Closing pay gaps will be a crucial piece of mending gender and racial disparities that have worsened over the course of the pandemic.
“It’s a great time to do [pay equity studies], because salaries have been everywhere, and people are leaving, sometimes for more money but not always, sometimes it’s for flexibility,” Reuter said.
If companies really want to diversify their workforce, Stoimenova said they must confront biases in the hiring process. Women who have a gap in their résumés because they took time off to raise children are often passed over in favor of male candidates, she said.
Eight years ago, Doris Akpovwa left a two-decades-long career in the geoscience industry to spend more time with her children. After emigrating from Nigeria to the U.S. in 2020 and deciding to return to work, Akpovwa said she had to start from scratch. Upon completing a data science and analysis program at Georgia Tech, Akpovwa began her job search.
Several applications went unanswered before Akpovwa partnered with Women Back to Work. As her job search unfolds, she said she is leaning into her marketable skills as a woman.
“As women, we are able to multitask, and that’s something that is so valuable,” she said. “We are built and ready for that; we are more flexible.”
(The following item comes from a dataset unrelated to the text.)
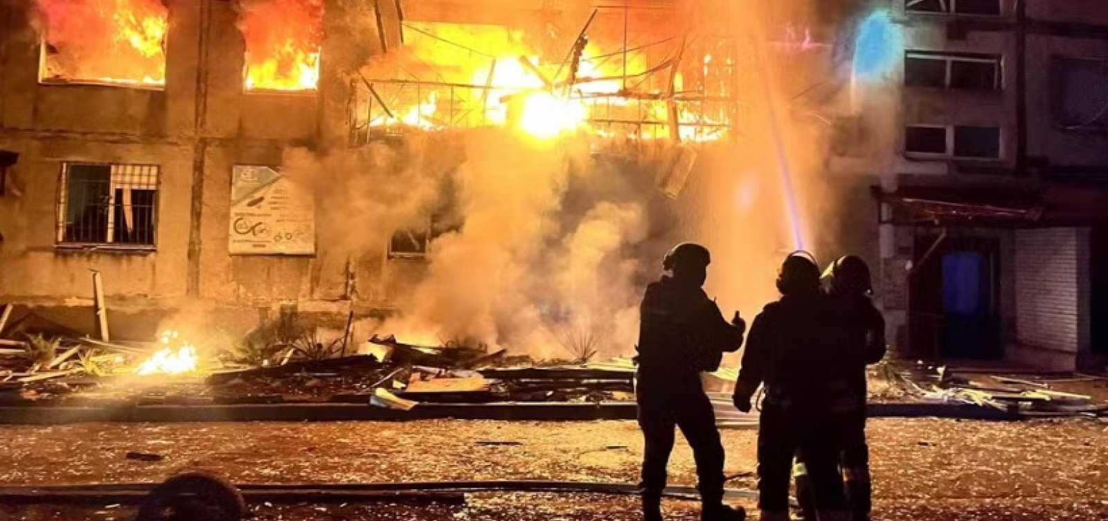 Ainda segundo o ministério, outras três pessoas foram mortas e sete ficaram feridas em um ataque com drone na região de Kharkiv, no nordeste da Ucrânia. Fotos de prédios parcialmente destruídos e em chamas, com os bombeiros retirando destroços dos edifícios, foram divulgadas pelo governo ucraniano.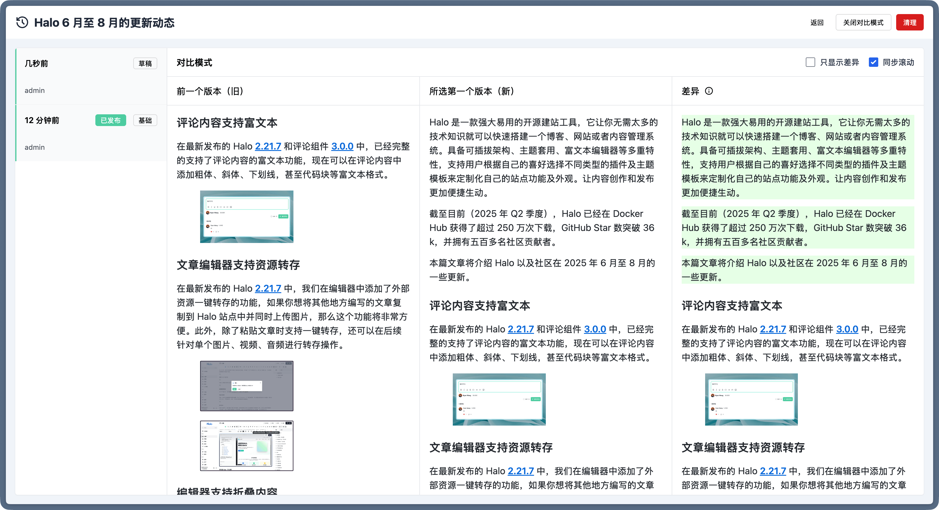 在 Halo 2.23 中,我们为文章版本支持了对比功能,现在可以选择任意两个版本进行内容对比,可以更方便查看文章的改动内容。

Bringing women back to work will require prioritization of their needs, Donnell said. Support shown for Work & Mother’s services, not only by female stakeholders but males as well, is an encouraging sign for the prospect of a more inclusive workplace, she said.
“You have landlords putting in food trucks, dry cleaning services, beers on taps, golf simulators,” she said. “If you have all of these offerings at your building but a good chunk of your tenant base is pumping in closets and really struggling, you’ve got to think about the message your building is sending.”